Most horseplayers - and virtually all trainers, for that matter - tend to anthropomorphize more than is necessary in trying to explain the unexplainable. But if such a thing as having a nose for the wire exists among Thoroughbreds, Bohemian Lady does not have one. That Gulfstream race was not the first time Bohemian Lady had coughed up a lead in the red zone, nor was it the last. She had already snatched defeat from the jaws of victory in the Dearly Precious (on Aqueduct's inner track) and the La Troienne as a 3-year-old, and coming into the Affectionately she has been nailed three times in a row, at three distances and on three different tracks.

Add to this the fact that Bohemian Lady wore front bandages for the first time in the 10-furlong Ladies Handicap and ran as hard as she could, yet still fell off several lengths from her two preceding Beyers, and the handwriting for an upset is on the wall.

A different situation exits in the all-stakes pick four at Louisiana Downs, where the favorite for the third leg, the Bayou Breeders' Cup Handicap on the turf, is a standout in terms of class and late speed.

As Grade 3 races go, the Bayou's purse of $250,000 is comparatively lofty, because races of this caliber generally offer anywhere from $100,000 to $150,000 or so.

Snowdrops is in line for a nice payday.

As a multiple graded-stakes winner, Snowdrops is far and away the most accomplished grass runner in the field. She has won over six turf courses - seven if you count the old and new courses at Gulfstream - so the locally based runners she meets here, none of whom has won a graded stakes on the grass, are at no great advantage in terms of the home court. Snowdrops has never raced at Louisiana Downs, but in late fall of 2003 she did ship from Calder to Fair Grounds to win the Pago Hop Stakes, so she has proved her ability to ship to Louisiana and win.
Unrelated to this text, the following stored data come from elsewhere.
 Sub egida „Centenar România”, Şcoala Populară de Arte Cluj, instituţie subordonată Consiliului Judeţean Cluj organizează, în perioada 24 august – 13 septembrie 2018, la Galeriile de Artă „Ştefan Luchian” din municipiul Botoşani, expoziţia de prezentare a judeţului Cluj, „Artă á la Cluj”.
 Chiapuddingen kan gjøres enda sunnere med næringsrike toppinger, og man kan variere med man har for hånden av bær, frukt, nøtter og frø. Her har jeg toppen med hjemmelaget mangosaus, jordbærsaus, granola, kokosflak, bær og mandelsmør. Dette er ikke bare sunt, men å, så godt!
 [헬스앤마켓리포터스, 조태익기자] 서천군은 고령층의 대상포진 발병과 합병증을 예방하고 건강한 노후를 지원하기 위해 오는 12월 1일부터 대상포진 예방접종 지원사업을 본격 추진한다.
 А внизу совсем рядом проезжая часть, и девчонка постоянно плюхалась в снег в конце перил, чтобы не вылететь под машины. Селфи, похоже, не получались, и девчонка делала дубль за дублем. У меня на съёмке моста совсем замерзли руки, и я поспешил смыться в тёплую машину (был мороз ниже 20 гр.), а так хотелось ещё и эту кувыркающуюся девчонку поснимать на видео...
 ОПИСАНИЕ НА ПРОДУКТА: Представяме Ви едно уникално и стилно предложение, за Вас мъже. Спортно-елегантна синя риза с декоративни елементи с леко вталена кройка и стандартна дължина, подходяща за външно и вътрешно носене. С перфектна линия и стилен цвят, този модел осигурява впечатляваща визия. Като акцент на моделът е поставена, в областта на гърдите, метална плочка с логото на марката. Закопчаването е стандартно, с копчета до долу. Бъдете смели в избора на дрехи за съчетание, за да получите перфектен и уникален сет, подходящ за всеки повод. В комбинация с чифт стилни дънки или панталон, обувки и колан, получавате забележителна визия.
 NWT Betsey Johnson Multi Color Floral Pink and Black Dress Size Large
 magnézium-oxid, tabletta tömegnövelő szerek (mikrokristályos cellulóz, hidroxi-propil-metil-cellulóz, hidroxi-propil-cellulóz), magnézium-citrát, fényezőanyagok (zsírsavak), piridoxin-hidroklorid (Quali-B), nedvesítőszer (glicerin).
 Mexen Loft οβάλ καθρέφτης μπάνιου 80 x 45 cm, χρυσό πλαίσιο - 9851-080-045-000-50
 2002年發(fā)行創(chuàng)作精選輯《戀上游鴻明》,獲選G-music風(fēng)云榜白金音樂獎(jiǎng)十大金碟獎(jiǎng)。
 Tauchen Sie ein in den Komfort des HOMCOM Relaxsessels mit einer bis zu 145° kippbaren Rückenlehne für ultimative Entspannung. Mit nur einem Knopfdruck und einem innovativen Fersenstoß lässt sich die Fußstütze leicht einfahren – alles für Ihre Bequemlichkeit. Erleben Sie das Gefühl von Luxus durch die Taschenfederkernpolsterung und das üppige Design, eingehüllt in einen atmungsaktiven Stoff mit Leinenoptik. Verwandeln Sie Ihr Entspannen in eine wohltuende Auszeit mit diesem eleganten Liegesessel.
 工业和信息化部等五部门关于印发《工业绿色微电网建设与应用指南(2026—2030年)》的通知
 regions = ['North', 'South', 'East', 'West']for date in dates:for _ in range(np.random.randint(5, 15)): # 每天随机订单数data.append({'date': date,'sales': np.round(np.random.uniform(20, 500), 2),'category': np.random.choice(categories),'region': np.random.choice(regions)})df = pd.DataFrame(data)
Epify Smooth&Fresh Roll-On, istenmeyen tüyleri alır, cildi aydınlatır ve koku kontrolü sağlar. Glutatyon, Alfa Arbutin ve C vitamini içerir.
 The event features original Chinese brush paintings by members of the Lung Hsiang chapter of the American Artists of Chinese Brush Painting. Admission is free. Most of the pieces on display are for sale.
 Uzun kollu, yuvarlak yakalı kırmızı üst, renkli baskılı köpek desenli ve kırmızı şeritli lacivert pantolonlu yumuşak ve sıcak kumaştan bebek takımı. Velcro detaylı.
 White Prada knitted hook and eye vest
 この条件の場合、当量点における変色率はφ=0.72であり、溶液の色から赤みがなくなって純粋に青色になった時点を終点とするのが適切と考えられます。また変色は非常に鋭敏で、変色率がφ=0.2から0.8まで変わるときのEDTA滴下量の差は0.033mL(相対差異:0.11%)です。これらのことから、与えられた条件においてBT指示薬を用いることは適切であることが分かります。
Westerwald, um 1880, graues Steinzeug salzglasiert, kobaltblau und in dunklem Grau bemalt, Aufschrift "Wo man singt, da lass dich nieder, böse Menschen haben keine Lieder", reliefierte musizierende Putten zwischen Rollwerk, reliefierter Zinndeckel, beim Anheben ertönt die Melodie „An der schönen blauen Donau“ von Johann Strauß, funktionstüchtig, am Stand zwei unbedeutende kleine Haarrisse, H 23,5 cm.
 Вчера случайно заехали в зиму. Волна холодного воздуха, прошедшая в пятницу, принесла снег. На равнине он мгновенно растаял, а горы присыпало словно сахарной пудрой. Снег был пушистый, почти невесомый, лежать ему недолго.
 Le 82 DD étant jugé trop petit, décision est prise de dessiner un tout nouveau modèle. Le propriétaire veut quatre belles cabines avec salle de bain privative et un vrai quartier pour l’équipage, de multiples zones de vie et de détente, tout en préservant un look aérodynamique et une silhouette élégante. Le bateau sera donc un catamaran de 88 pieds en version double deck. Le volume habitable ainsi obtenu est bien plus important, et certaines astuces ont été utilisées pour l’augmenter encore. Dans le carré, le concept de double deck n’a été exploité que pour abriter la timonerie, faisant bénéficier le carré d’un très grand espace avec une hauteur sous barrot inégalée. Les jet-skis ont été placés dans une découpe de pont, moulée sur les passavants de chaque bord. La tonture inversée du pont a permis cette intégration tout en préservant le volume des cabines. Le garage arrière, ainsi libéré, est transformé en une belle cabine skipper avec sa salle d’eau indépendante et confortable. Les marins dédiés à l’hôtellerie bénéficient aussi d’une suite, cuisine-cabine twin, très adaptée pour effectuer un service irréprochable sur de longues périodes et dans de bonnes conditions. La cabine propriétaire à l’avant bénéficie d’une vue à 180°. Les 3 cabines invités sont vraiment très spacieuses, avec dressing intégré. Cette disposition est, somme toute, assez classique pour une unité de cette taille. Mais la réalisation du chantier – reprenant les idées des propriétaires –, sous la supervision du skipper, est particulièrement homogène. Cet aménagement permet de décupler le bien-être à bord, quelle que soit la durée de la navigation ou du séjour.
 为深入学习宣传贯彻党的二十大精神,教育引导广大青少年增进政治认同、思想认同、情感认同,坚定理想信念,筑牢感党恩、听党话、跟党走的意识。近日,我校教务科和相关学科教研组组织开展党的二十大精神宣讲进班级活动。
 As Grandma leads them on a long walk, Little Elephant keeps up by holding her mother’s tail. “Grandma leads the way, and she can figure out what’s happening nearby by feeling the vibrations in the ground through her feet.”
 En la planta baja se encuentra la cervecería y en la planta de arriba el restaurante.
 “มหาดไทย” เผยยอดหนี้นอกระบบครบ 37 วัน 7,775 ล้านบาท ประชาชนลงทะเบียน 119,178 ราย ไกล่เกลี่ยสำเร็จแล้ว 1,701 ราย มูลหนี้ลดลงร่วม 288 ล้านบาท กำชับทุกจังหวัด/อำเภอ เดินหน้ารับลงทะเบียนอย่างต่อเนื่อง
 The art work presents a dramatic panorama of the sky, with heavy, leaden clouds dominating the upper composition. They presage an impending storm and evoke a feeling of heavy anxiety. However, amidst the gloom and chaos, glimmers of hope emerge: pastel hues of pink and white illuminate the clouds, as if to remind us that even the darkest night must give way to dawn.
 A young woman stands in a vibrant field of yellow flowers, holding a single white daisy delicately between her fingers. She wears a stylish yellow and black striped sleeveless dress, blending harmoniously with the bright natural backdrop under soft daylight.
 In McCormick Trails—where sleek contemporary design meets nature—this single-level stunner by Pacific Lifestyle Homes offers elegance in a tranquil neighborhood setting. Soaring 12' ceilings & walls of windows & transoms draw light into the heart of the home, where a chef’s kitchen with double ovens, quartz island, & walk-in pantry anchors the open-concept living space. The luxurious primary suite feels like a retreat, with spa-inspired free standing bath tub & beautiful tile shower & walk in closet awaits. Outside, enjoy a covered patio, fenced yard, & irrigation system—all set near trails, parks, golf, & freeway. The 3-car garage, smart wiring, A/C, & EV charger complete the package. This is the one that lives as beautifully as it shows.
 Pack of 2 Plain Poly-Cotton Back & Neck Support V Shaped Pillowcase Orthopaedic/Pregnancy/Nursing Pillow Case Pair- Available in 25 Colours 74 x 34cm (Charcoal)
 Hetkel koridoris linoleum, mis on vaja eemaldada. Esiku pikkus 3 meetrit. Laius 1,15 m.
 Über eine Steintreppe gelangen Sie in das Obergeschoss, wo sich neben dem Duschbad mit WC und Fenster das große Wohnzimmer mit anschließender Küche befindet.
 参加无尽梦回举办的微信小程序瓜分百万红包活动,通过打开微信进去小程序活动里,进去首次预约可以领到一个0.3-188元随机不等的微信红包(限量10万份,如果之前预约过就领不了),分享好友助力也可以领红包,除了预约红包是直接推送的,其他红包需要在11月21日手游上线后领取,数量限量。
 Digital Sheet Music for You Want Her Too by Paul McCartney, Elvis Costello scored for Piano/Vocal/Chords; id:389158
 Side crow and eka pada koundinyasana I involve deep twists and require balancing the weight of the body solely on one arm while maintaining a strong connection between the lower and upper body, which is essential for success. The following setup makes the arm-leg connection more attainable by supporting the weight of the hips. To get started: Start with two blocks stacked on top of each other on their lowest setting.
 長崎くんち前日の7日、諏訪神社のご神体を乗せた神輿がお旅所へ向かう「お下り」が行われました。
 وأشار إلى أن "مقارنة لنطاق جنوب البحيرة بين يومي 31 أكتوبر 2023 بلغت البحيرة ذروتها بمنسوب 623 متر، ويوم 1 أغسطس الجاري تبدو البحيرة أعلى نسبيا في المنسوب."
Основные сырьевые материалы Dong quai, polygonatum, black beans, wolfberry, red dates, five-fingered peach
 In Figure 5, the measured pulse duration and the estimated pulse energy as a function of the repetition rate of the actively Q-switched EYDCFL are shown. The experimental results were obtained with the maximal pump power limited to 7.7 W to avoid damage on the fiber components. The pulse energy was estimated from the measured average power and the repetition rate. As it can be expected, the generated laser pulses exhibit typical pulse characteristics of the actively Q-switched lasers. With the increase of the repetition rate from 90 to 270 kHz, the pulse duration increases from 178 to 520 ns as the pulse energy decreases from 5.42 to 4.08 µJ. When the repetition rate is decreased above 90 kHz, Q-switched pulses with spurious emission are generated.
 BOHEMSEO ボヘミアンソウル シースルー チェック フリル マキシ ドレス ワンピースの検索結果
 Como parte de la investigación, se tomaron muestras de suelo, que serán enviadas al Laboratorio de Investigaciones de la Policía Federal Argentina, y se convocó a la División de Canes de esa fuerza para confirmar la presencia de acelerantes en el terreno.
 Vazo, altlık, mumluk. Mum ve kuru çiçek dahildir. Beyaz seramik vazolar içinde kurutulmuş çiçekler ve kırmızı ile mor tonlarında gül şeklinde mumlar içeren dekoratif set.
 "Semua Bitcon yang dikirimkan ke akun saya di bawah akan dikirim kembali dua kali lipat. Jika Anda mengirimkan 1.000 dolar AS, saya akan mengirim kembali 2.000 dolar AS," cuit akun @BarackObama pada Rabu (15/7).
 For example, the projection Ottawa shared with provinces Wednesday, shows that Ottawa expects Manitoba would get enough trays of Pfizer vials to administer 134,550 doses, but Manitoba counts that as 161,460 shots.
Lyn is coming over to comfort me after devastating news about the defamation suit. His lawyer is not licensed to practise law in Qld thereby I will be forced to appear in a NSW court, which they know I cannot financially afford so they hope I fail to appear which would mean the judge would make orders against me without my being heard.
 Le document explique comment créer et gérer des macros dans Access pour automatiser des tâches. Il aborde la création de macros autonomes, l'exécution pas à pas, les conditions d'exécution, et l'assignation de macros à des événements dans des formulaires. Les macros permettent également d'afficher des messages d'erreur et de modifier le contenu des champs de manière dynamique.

An edge in class and late speed is a potent combination in turf routes. In winning the My Charmer at Calder last out, Snowdrops gained more than three lengths into a final three-eighths clocked in a searing 34.95 seconds, and went from fifth to first through a final furlong in 11.21 seconds. That is motoring. Unable to contain her at the finish were La Reina, who earlier in the fall was beaten a mere two lengths by Intercontinental in the WinStar Galaxy at Keeneland; Ticker Tape, a Grade 1 winner of more than $1.3 million; and Sand Springs, a three-time graded-stakes winner in 2005, including the Grade 1 Diana.